Early on the morning of Friday 24 June, Darren Gratton went into his butcher’s shop in Barnstaple and changed his wall signs, which at this time of year are mostly about barbecue packs. Emboldened in the Brexit dawn, he deleted all references to ‘kg’ and replaced each one with ‘lb’. Tempted to do the same to the labels inside the display cabinets, he decided not to, for fear of a threatening call from Trading Standards. But that small act of wall-chart insurrection was enough to spark an article in the local paper, which triggered a deluge of emails from other shopkeepers across the country in support of his brave action with the squeaky pen.
As Britain turns its face towards the exit door, and butchers dare to erase their kilo-gram signs, some are asking: will justice now be done for the Metric Martyrs? One of the many who emailed Gratton in support was Neil Herron, the steadfast campaigner for the five Metric Martyrs, whose criminal records still stand. I met Herron in London this week, and he told me that the Brexit vote has given his campaign a nudge towards his passionately desired outcome: a posthumous royal pardon for his old friend the Metric Martyr Steve Thoburn.

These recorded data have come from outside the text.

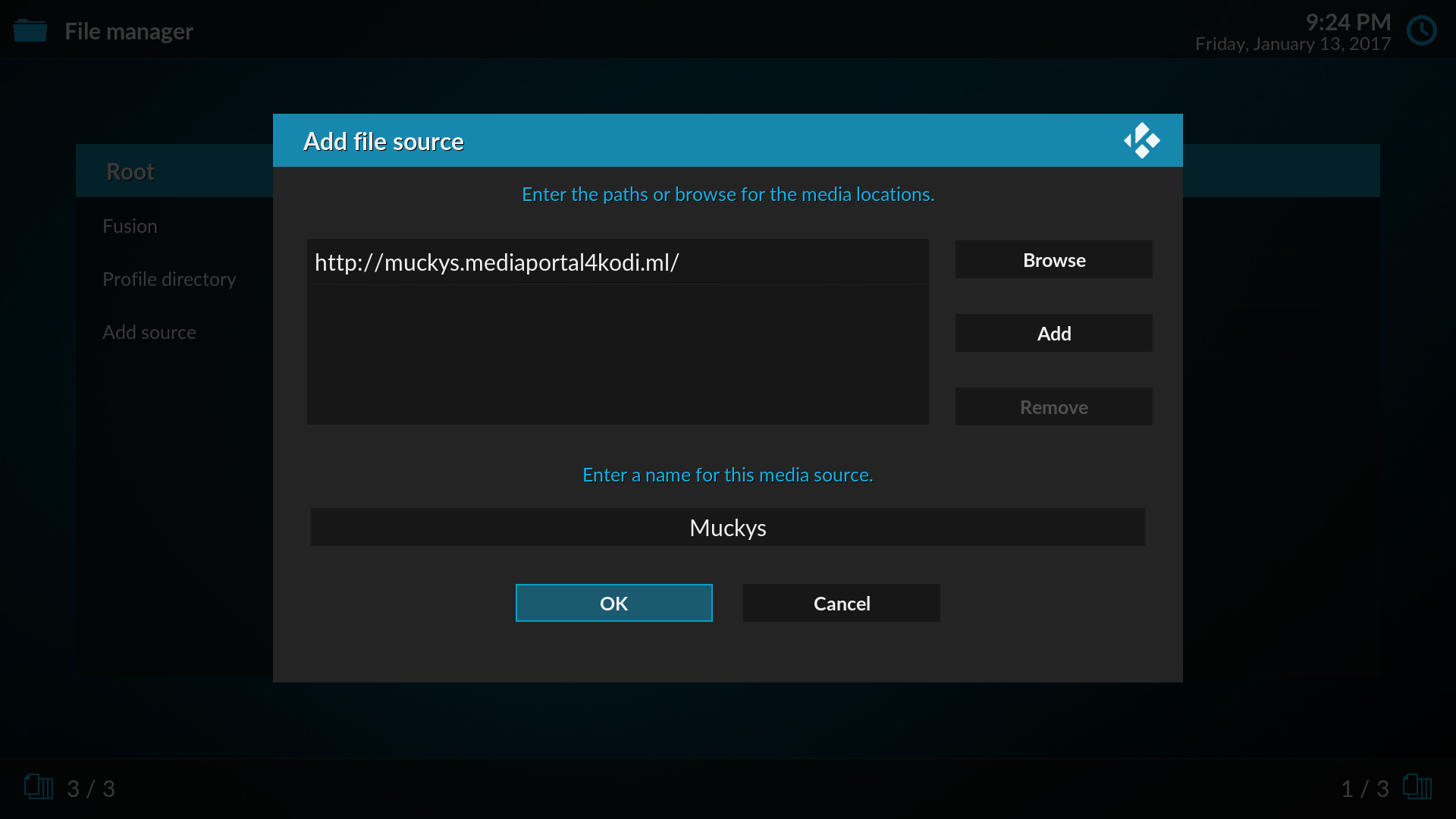 - Add a Source using the URL, http://muckys.mediaportal4kodi.ml (give it a name like “muckys”)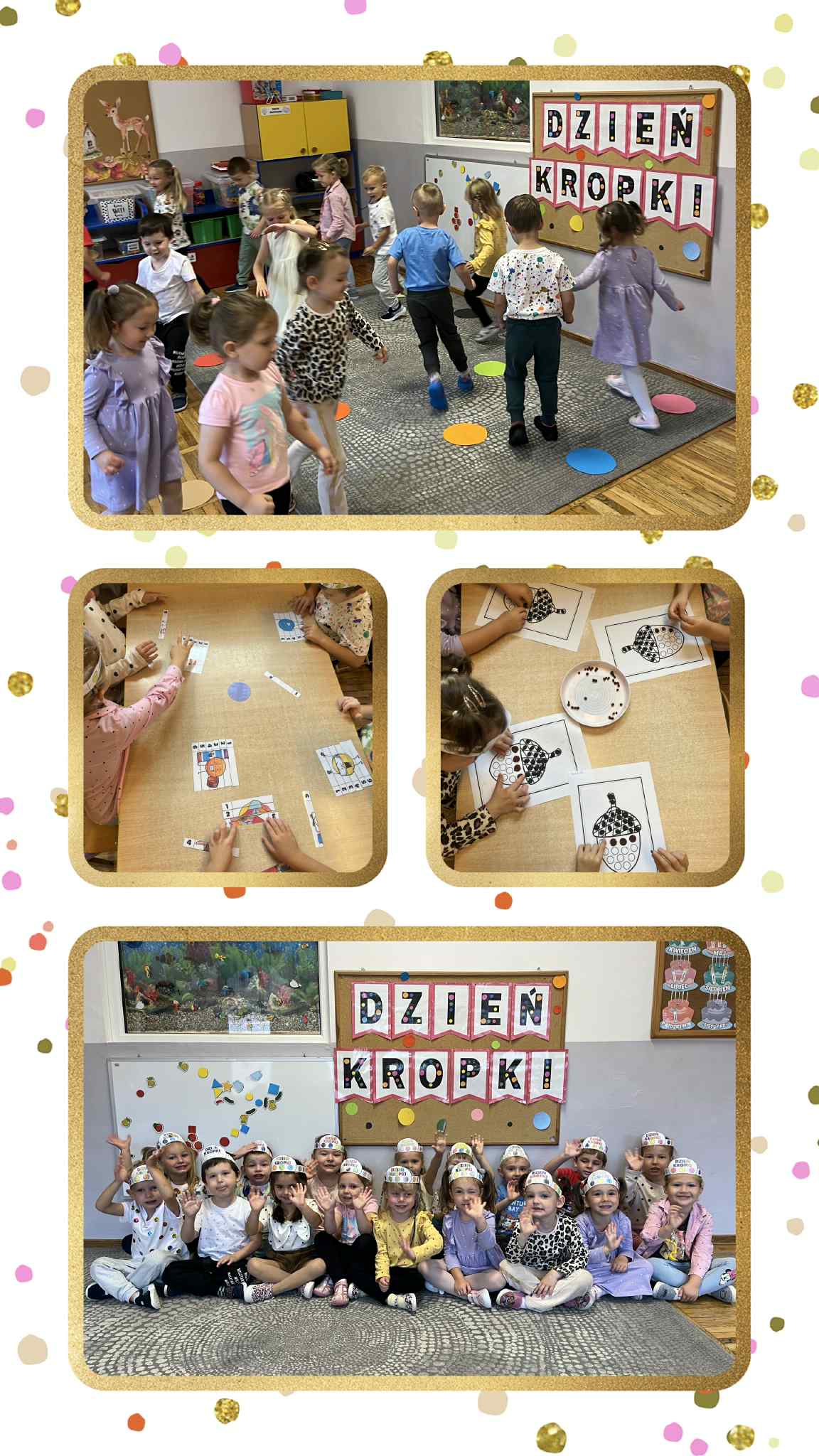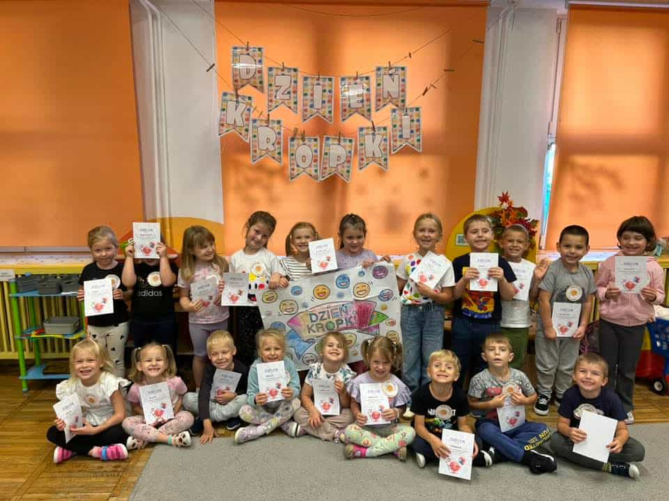 15 września obchodzony jest Międzynarodowy Dzień Kropki. W naszym przedszkolu dzieci także wzięły udział w obchodzeniu tego święta kreatywności i wiary we własne możliwości. Wszystkie podjęte w tym dniu działania zachęcały dzieci do podejmowania wyzwań oraz odkrywania swoich talentów. Dzieci malowały prace plastyczne z wykorzystaniem kropek, zakładały w tym dniu ubrania w kropki, sami tworzyli stroje w kropki oraz uczestniczyli w zabawach z kropkami.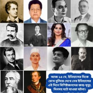 আজ ১৫ মে। এক নজরে দেখে নিই ইতিহাসের এই দিনে ঘটে যাওয়া উল্লেখযোগ্য ঘটনা, বিশিষ্টজনদের জন্ম-মৃত্যু দিনসহ গুরুত্বপূর্ণ আরও কিছু বিষয়।
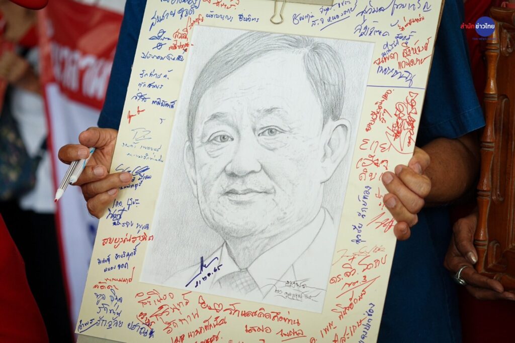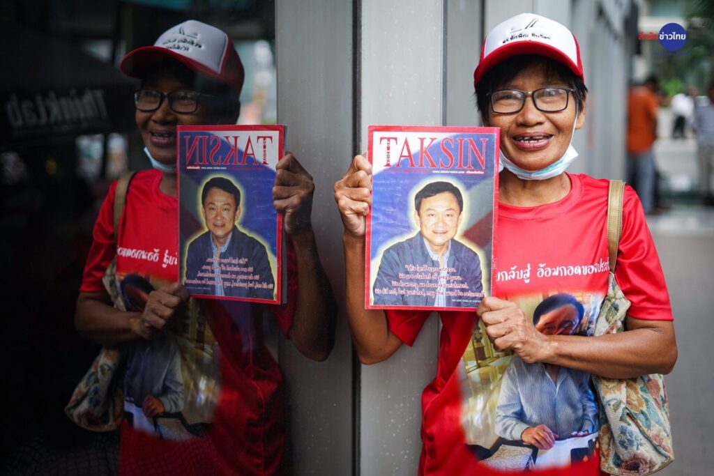 เมื่อเวลา 13.34 น. นายทักษิณ ชินวัตร อดีตนายกรัฐมนตรีและผู้ก่อตั้งพรรคไทยรักไทย เดินทางเข้ามายังที่ทำการพรรคเพื่อไทย โดยสวมเสื้อเชิ้ตลายทางขาวฟ้า สวมทับด้วยเสื้อสูทสีกรมท่า และสวมกางเกงยีนส์ โดยไม่ได้สวมเฝือกคอ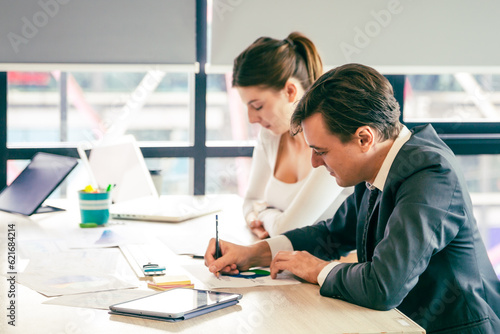 Obraz premium Business analyst team using laptop for financial insight with Fintech paper...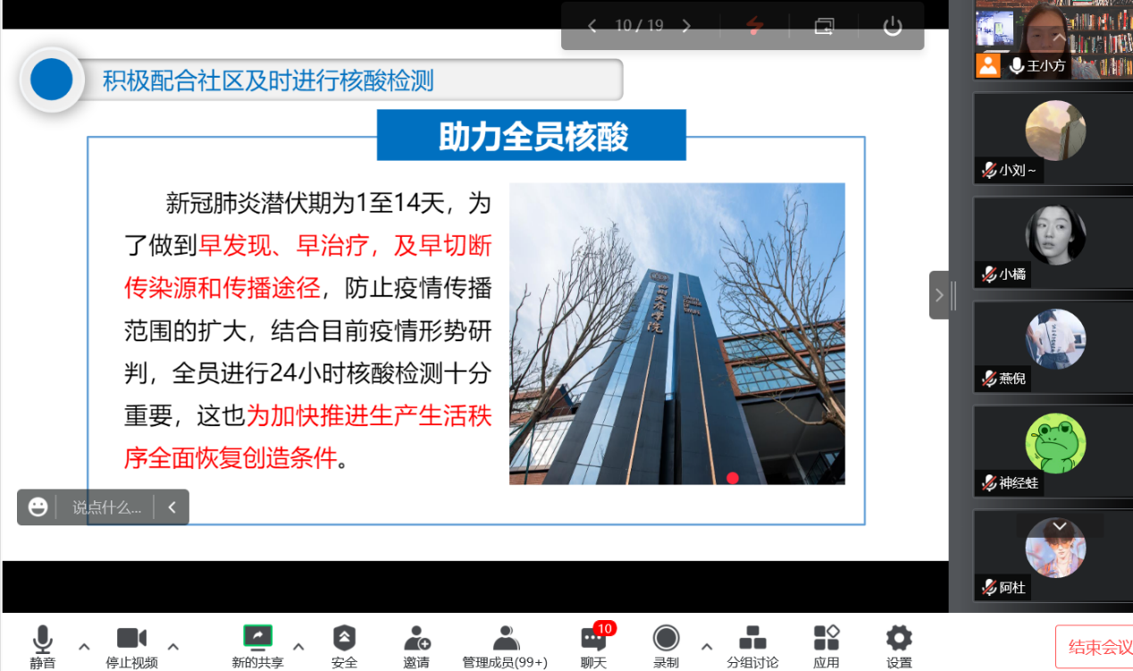 学院通过本次主题班会的召开,让同学们更加清醒地认识到目前的疫情防控形势,了解了疫情防控的相关知识,也有益于树立疫情下同学们的责任意识,鼓舞了大家携手战胜疫情的的决心。愿疫情早日结束,期待校园相见!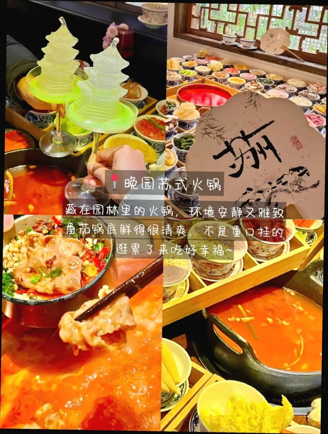 ③ 晚饭硬菜区(朋友局快乐翻倍) 晚园苏式火锅:番茄锅底清爽,涮肉很友好。 探花·意境江南菜:麻婆豆腐、鸡片都很下饭。 工春园(苏帮菜·苏式面宴):一碗面一份红烧,吃完直接进入“停止暂停内耗”状态。🤣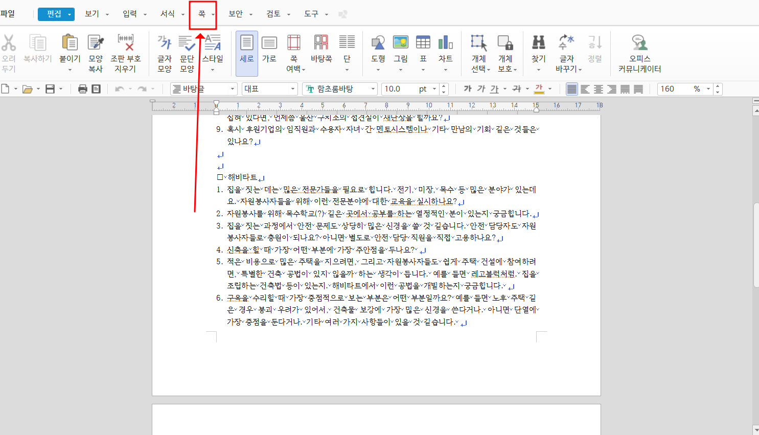 아래 사진을 보면. 한글 메뉴에서 <쪽>을 볼 수 있을 것이다. 한글 문서에서 쪽을 클릭해준다.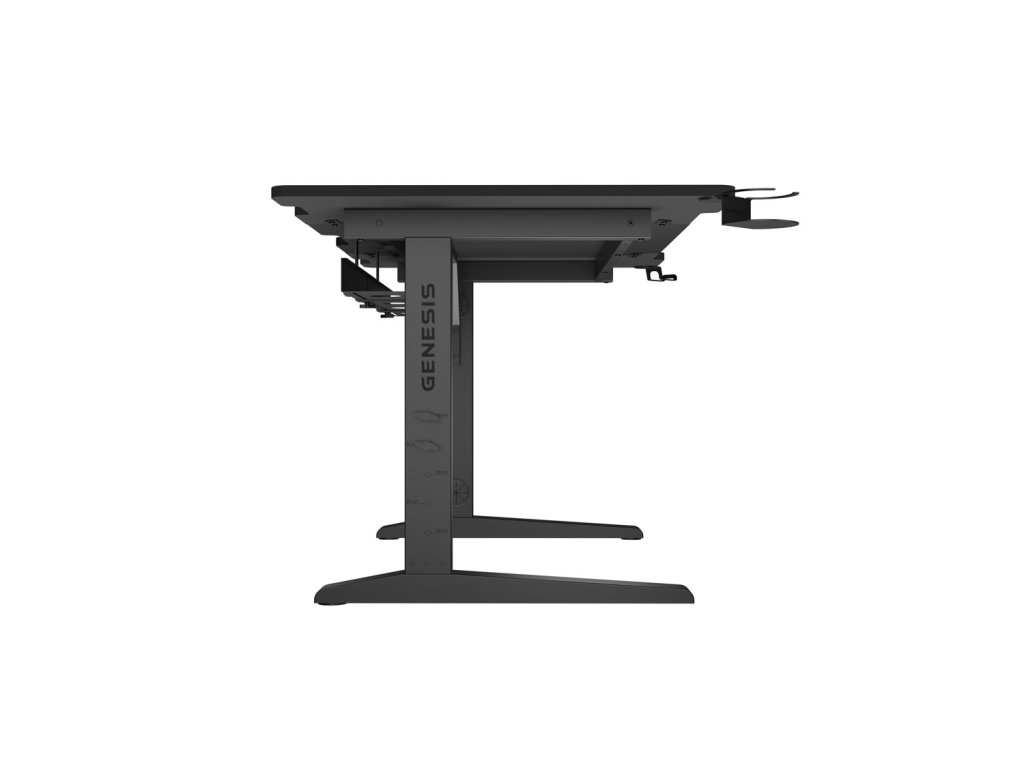 Nemusíte se obávat ani jeho výšky. Již ve fázi montáže si můžete vybrat z 5 úrovní, čímž určíte polohu stolové desky v rozmezí 70 až 90 cm. Můžete si ji tak snadno přizpůsobit své výšce, díky čemuž je stůl GENESIS Holm Modular plně ergonomický. Nastavitelná je také speciální police na kabely. Můžete ji prodloužit v rozmezí 50 až 95 cm, a přizpůsobit ji tak rozměrům celé stolové desky. Díky její hloubce se do ní snadno vejdou i velké přepěťové lišty.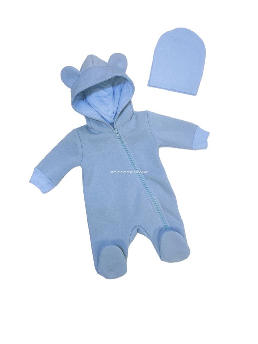 "МоёДитё" комбинезон выполнен из футера с начёсом. Комбинезон с капюшоном на подкладке и декорирован сверху ушками, с закрытыми ножками, рукава на манжетах, спереди косая молния до конца одной ножки. Шапочка из кашкорсе можно одевать как с отворотом, так и без. Очень хорошо тянется.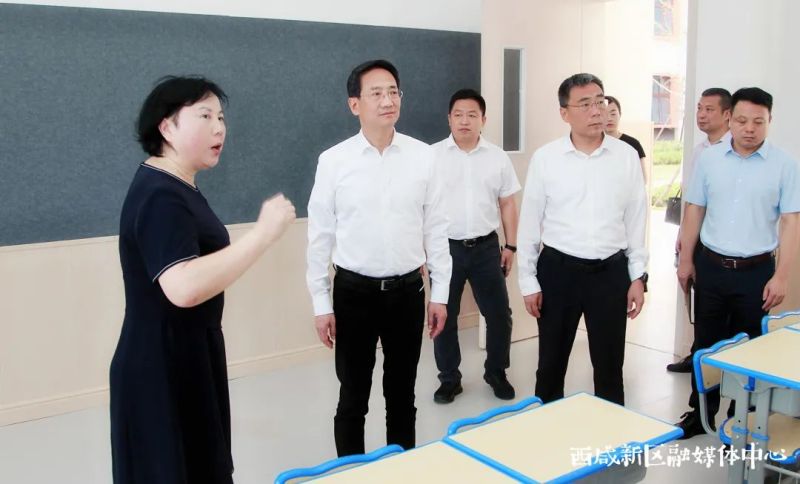 杨仁华首先来到沣东新城第一小学,这里教学设施已经到位,校园环境洁净优美。杨仁华深入教室、操场、图书阅览室等处,详细了解学校办学规模、师资配备、智慧校园建设等。随后,杨仁华来到沣东新城七里镇第二幼儿园,实地察看幼儿园功能部室,听取招生规模、生源状况、软硬件配备等情况。西咸新区第二小学、西咸新区第二初中位于能源金贸区文教园片区,周边环境品质高、硬件设施配备先进,工程建设已基本完成。杨仁华来到这里,观看两校功能布局沙盘演示,在教室、风雨操场等处察看校园功能布局。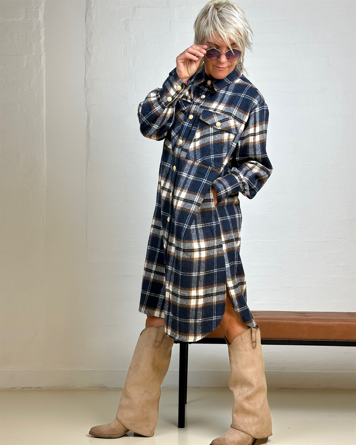 En lækker lang og lun oversized ternet skjorte, der kombinerer afslappet komfort med et moderne, feminint udtryk. Skjorten kan både bruges som skjorte og kjole, hvilket gør den til et alsidigt valg i garderoben.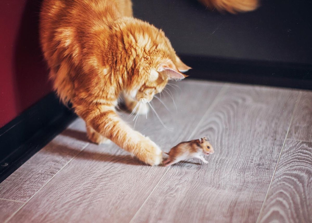Рыжий кот и мышь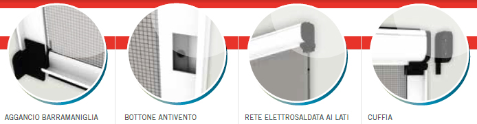The R-1 Effe model is the traditional fly screen par excellence. It has a vertical scrolling spring winding with a 50 mm overall dimensions box.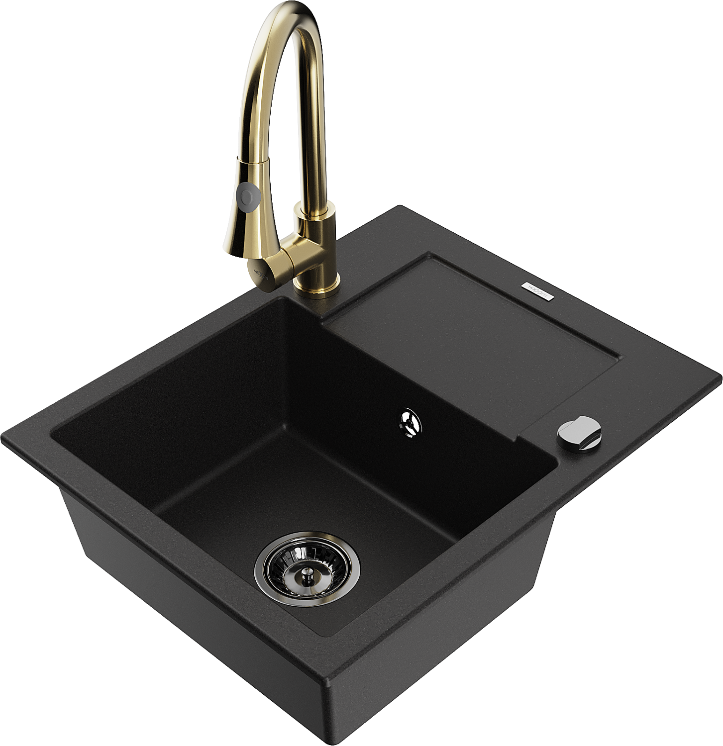 Mexen Enzo granite kitchen sink single-bowl with drainer and Elia kitchen tap, black - 6506-77-670101-50-B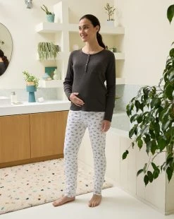 Pigiama premaman in morbido jersey dalla vestibilità morbida e confortevole. La t-shirt presenta maniche lunghe, una piccola tasca sul davanti e una chiusura con bottoni, che permette di indossare il pigiama anche durante l’allattamento. Il pantalone con stampa “Sweet Dreams” all over è caratterizzato da un pratico elastico per un sostegno ottimale durante la gravidanza, senza comprimere la pancia.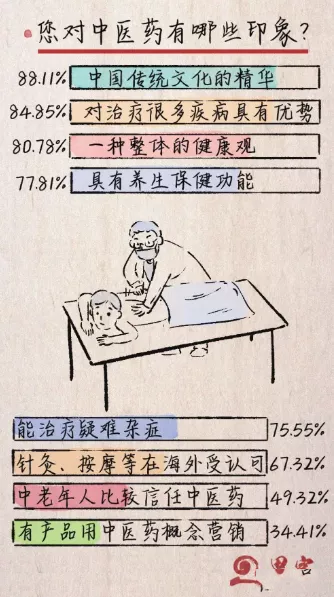 疫情趋于稳定后,新华网调查了近10万人对中医的态度和看法,令人振奋的结论是:绝大多数受访者对中医药持正面、积极态度。超八成受访者认为中医药是中国传统文化的精华、在治疗许多疾病上有优势、是一种整体的健康观。

Remember the Metric Martyrs? The fishmonger and greengrocer in Camelford, the market trader in Hackney, the greengrocer in Sunderland, all convicted in the early 2000s for using imperial scales and labelling? It was one of the darkest times for the EU’s reputation in Britain. If we’re looking for specific reasons why so many people voted Leave, it’s worth contemplating the lingering ill-feeling left by those small acts of bureaucratic bullying, when the ‘little guy’ going about his daily business was squashed and criminalised by the rigid mechanics of Council Directive 80/181/EEC, stipulating the use of metric measurements, incorporated into English law in January 2000.